Output each record below exactly, leaving any picture out of the copy.

Records drawn from a dataset:
------------------------------------------------------------------------

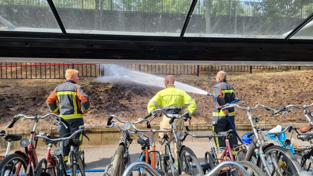 De melding van een natuurbrand kwam rond 14.00 uur binnen waarop een tankautospuit ter plaatse werd gestuurd. “De brand ging gepaard met flink wat rookontwikkeling”, vertelt Wind. “Door nog onbekende oorzaak heeft het talud, bij de fietsenstalling, vlam gevat. Dit talud bestaat uit gras en heide en is door de geringe hoeveelheid neerslag van de afgelopen periode erg droog geworden.”
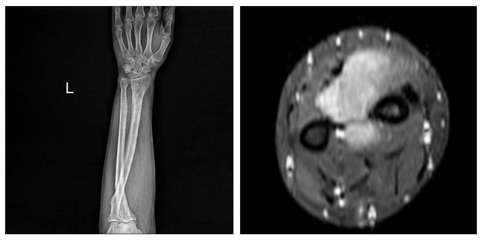 Ameliyat Öncesi: Röntgende radius distalde düzensizlik ve skleroz, MR’da çevreleyen yumuşak doku komponenti görülmekte.
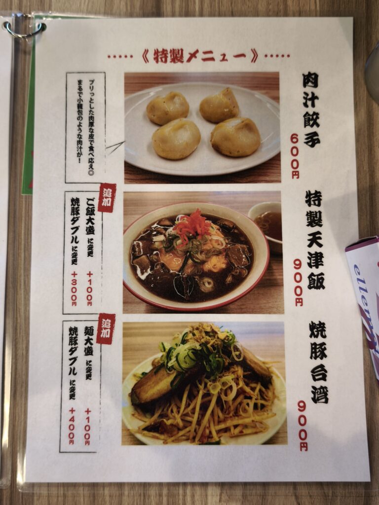 肉汁餃子や焼豚台湾が気になります。
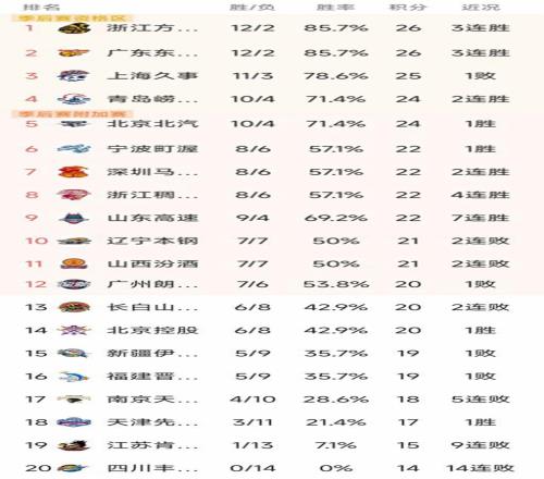 CBA最新积分榜:广东+广厦12胜领跑,深圳10797上海,北京第5
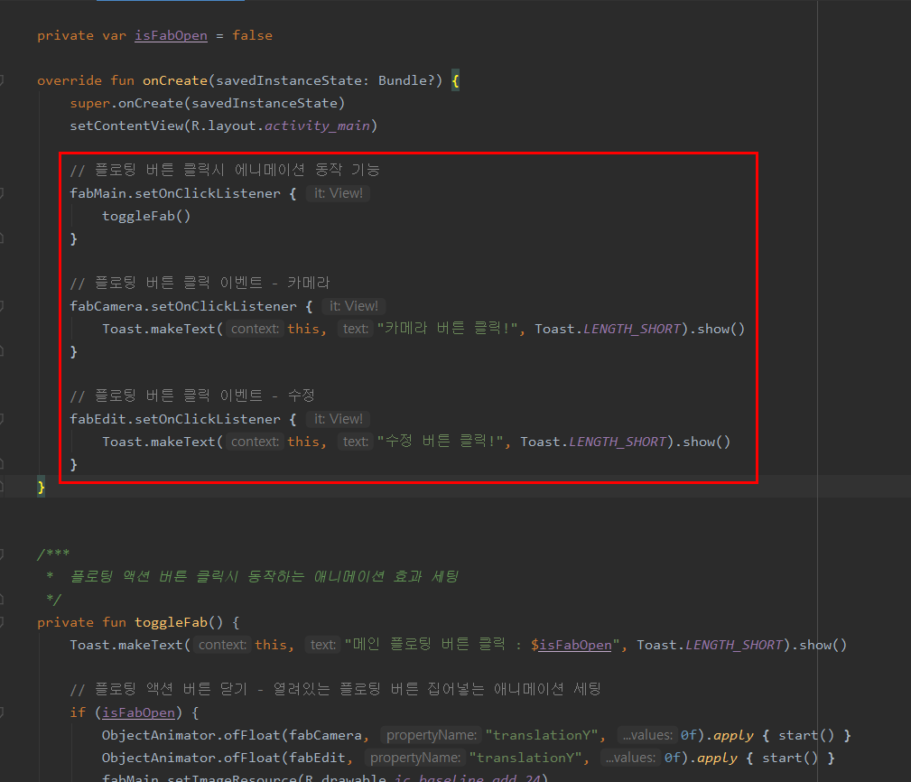 Toast.makeText(this, "메인 플로팅 버튼 클릭 : $isFabOpen", Toast.LENGTH_SHORT).show()
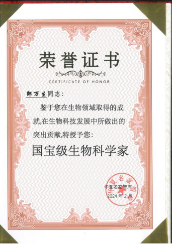 分别获得中医岐黄派“岐黄大医”和中医本草派“医圣传人”称号,先后获得“国宝级生物科学家”、“人民榜样”(中央组织部颁发)、“七一荣誉勋章”(中央宣传部颁发)、“国家功勋人物”、“先锋企业家”(中央宣传部颁发)、“中国楷模贡献人物”(中央宣传部颁发)、爱心大使等各项荣誉200多项。并被中科院收录进2024年“奋进新征程 建功新时代”挂历第六月。
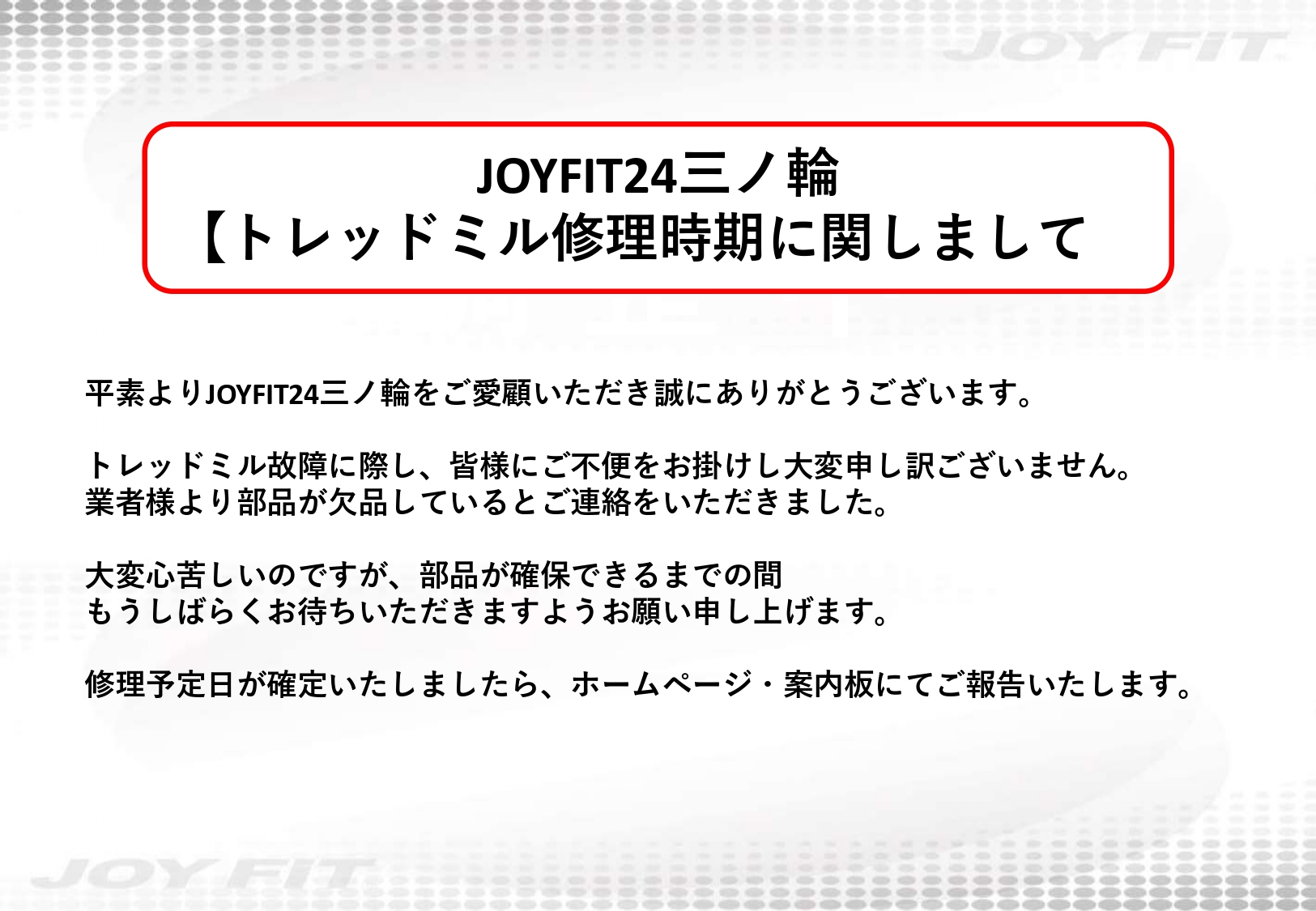 JOYFIT24三ノ輪 【トレッドミル修理時期に関しまして】
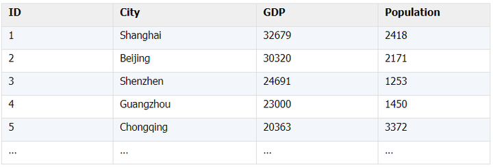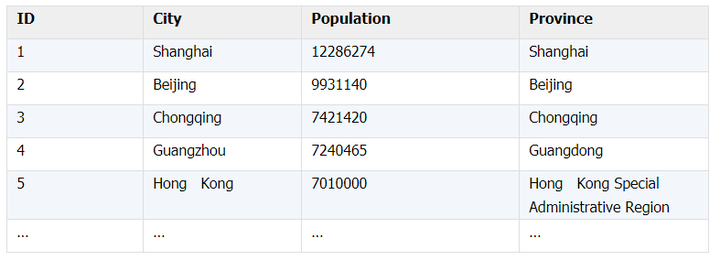 【例 9】 根据中国主要城市人口表,按人口将城市分类。中国主要城市人口表部分数据如下:
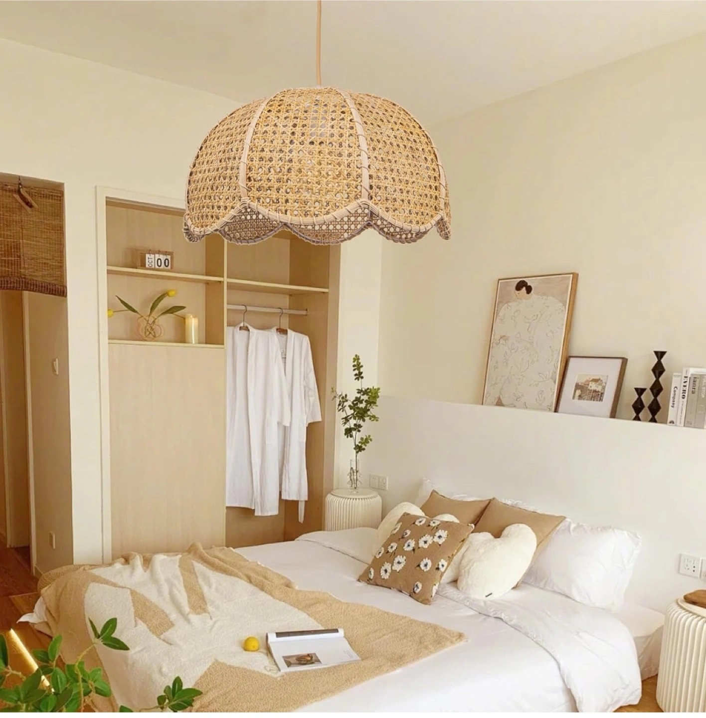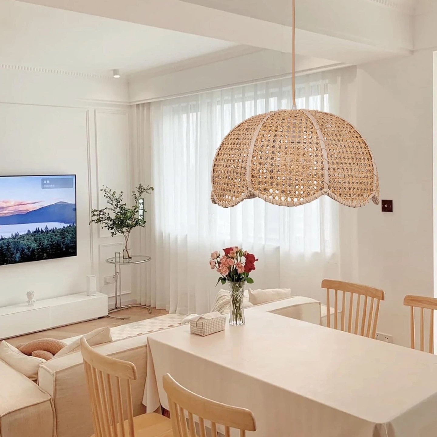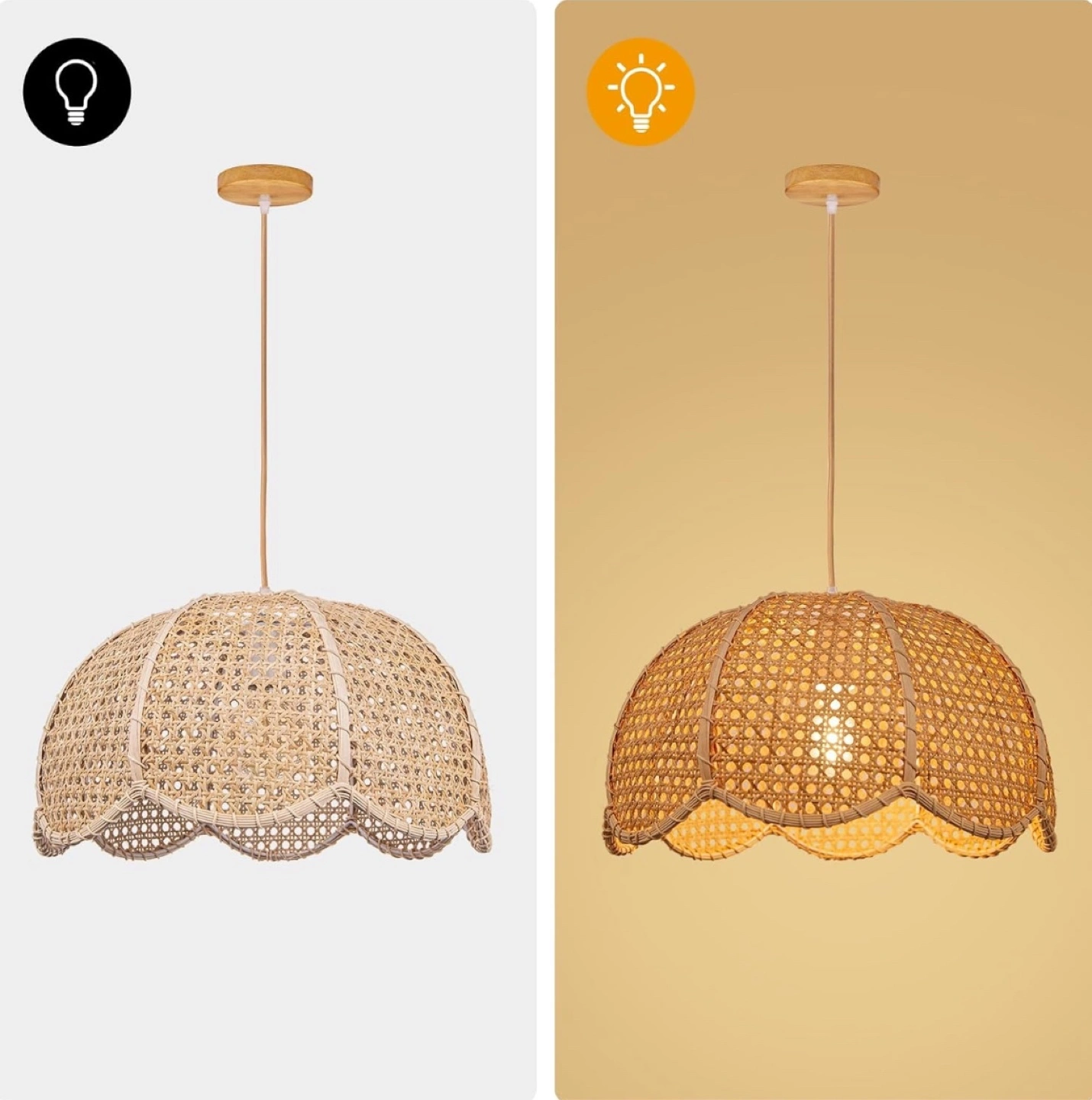 Brand WalmHomie Colour Natural Material Rattan, Iron Style Country Rustic Light fixture form Pendant Room type Entryway, Kitchen, Bedroom, Living Room, Dining Room 💡[Natural Material]: this floral chandelier is made from rattan, beautiful farmhouse wicker light fixture, elegant and chic lampshade. 💡[Various Places]: our rustic large pendant light is a great home decor for farmhouse, living rooms, dining rooms, bedrooms, restaurants, kitchens, laundry rooms, hallways, cafes, basements, stairwells, libraries, office and more. 💡[Care and Maintenance Methods]: please wring the wet cloth or using a soft cloth to wipe the dust gently. Please note that this hanging lighting is handwoven, so the size may have an error of about 1~2 centimeters. 💡[Easy to Install]: E26/E27 bulb base, 60W(Max), 110~130V, hardwired. NOT BULB INCLUDED, package includes lampshade and all mounting hardware accessories.
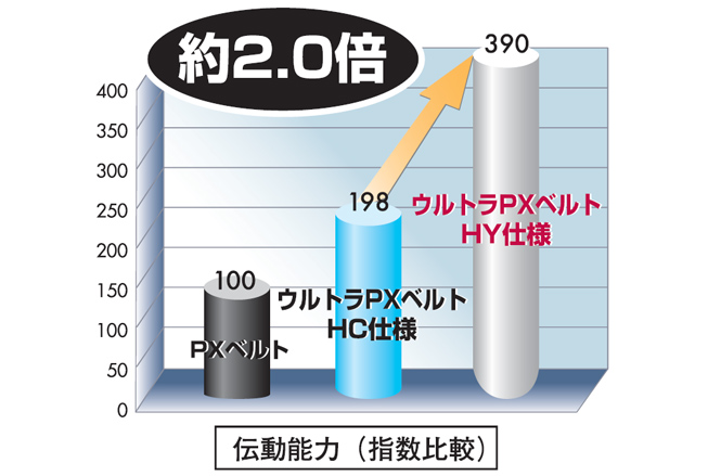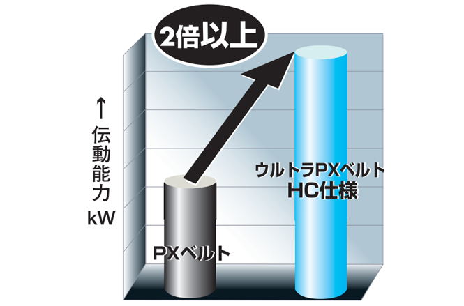 - 전동 능력은 종래품 PX 벨트의 2배 이상
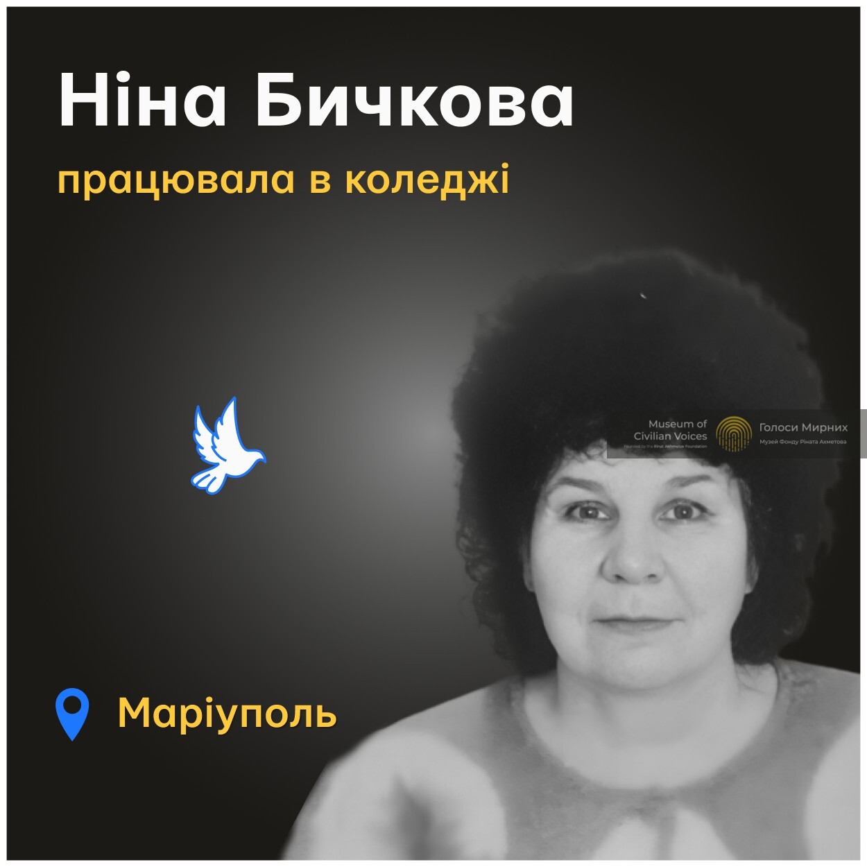 Ніна Бичкова загинула 18 березня 2022 року біля підвалу Маріупольського будівельного коледжу.
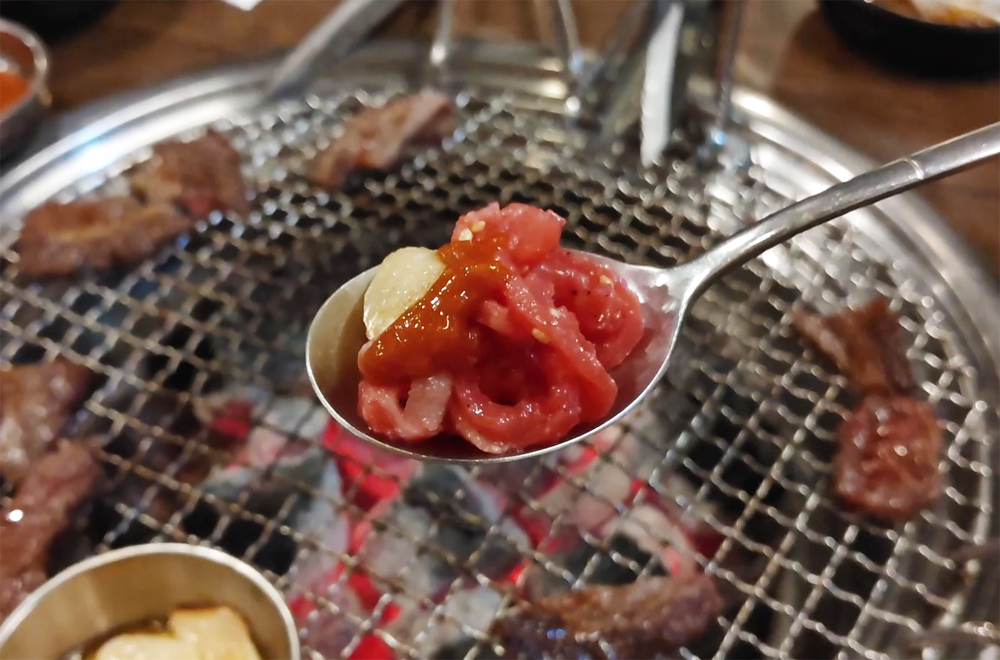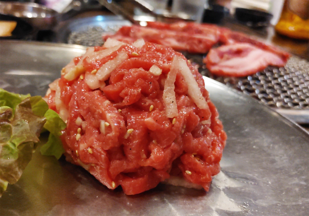 마포역에서 가까운 고깃집 마포목장의 한우 육회, 블랙앵거스 생갈비살 그리고 양념갈비살입니다.
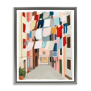 Stupell Industries Laundry Clothesline Between Apartments Floating Frame Canvas Art
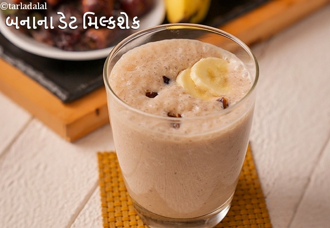 બનાના ડેટ મિલ્કશેક રેસીપી | ખજૂર બનાના સ્મૂધી | સ્વસ્થ ભારતીય બનાના ડેટ મિલ્કશેક | ક્રીમી બનાના શેક | ખજૂર સાથે બનાના મિલ્કશેક |
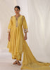 Godet kurta featuring rich gota details on the neckline and armhole, accented with a gota border on the sleeves. Work well for Summer wedding occasions.
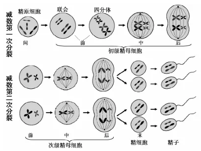 最后就是減數(shù)分裂。減數(shù)分裂是一種特殊方式的有絲分裂,它與有性生殖細胞的形成有關(guān)。它是進行有性生殖的生物,在原始的生殖細胞發(fā)展為成熟的生殖細胞(精子或卵細胞)的過程中,要經(jīng)過減數(shù)分裂。在整個減數(shù)分裂過程中,染色體只復制一次,而細胞連續(xù)分裂兩次。減數(shù)分裂的結(jié)果是,新產(chǎn)生的生殖細胞中的染色體數(shù)目,比新原始的生殖細胞的減少一半。例如,人的精原細胞和卵原細胞中各有46條染色體,而經(jīng)過減數(shù)分裂形成的精子和卵細胞中,只含有23條染色體。

------------------------------------------------------------------------

Exercise answer:
 De melding van een natuurbrand kwam rond 14.00 uur binnen waarop een tankautospuit ter plaatse werd gestuurd. “De brand ging gepaard met flink wat rookontwikkeling”, vertelt Wind. “Door nog onbekende oorzaak heeft het talud, bij de fietsenstalling, vlam gevat. Dit talud bestaat uit gras en heide en is door de geringe hoeveelheid neerslag van de afgelopen periode erg droog geworden.”
 Ameliyat Öncesi: Röntgende radius distalde düzensizlik ve skleroz, MR’da çevreleyen yumuşak doku komponenti görülmekte.
 肉汁餃子や焼豚台湾が気になります。
 CBA最新积分榜:广东+广厦12胜领跑,深圳10797上海,北京第5
 Toast.makeText(this, "메인 플로팅 버튼 클릭 : $isFabOpen", Toast.LENGTH_SHORT).show()
 分别获得中医岐黄派“岐黄大医”和中医本草派“医圣传人”称号,先后获得“国宝级生物科学家”、“人民榜样”(中央组织部颁发)、“七一荣誉勋章”(中央宣传部颁发)、“国家功勋人物”、“先锋企业家”(中央宣传部颁发)、“中国楷模贡献人物”(中央宣传部颁发)、爱心大使等各项荣誉200多项。并被中科院收录进2024年“奋进新征程 建功新时代”挂历第六月。
 JOYFIT24三ノ輪 【トレッドミル修理時期に関しまして】
 【例 9】 根据中国主要城市人口表,按人口将城市分类。中国主要城市人口表部分数据如下:
 Brand WalmHomie Colour Natural Material Rattan, Iron Style Country Rustic Light fixture form Pendant Room type Entryway, Kitchen, Bedroom, Living Room, Dining Room 💡[Natural Material]: this floral chandelier is made from rattan, beautiful farmhouse wicker light fixture, elegant and chic lampshade. 💡[Various Places]: our rustic large pendant light is a great home decor for farmhouse, living rooms, dining rooms, bedrooms, restaurants, kitchens, laundry rooms, hallways, cafes, basements, stairwells, libraries, office and more. 💡[Care and Maintenance Methods]: please wring the wet cloth or using a soft cloth to wipe the dust gently. Please note that this hanging lighting is handwoven, so the size may have an error of about 1~2 centimeters. 💡[Easy to Install]: E26/E27 bulb base, 60W(Max), 110~130V, hardwired. NOT BULB INCLUDED, package includes lampshade and all mounting hardware accessories.
 - 전동 능력은 종래품 PX 벨트의 2배 이상
 Ніна Бичкова загинула 18 березня 2022 року біля підвалу Маріупольського будівельного коледжу.
 마포역에서 가까운 고깃집 마포목장의 한우 육회, 블랙앵거스 생갈비살 그리고 양념갈비살입니다.
 Stupell Industries Laundry Clothesline Between Apartments Floating Frame Canvas Art
 બનાના ડેટ મિલ્કશેક રેસીપી | ખજૂર બનાના સ્મૂધી | સ્વસ્થ ભારતીય બનાના ડેટ મિલ્કશેક | ક્રીમી બનાના શેક | ખજૂર સાથે બનાના મિલ્કશેક |
 Godet kurta featuring rich gota details on the neckline and armhole, accented with a gota border on the sleeves. Work well for Summer wedding occasions.
 最后就是減數(shù)分裂。減數(shù)分裂是一種特殊方式的有絲分裂,它與有性生殖細胞的形成有關(guān)。它是進行有性生殖的生物,在原始的生殖細胞發(fā)展為成熟的生殖細胞(精子或卵細胞)的過程中,要經(jīng)過減數(shù)分裂。在整個減數(shù)分裂過程中,染色體只復制一次,而細胞連續(xù)分裂兩次。減數(shù)分裂的結(jié)果是,新產(chǎn)生的生殖細胞中的染色體數(shù)目,比新原始的生殖細胞的減少一半。例如,人的精原細胞和卵原細胞中各有46條染色體,而經(jīng)過減數(shù)分裂形成的精子和卵細胞中,只含有23條染色體。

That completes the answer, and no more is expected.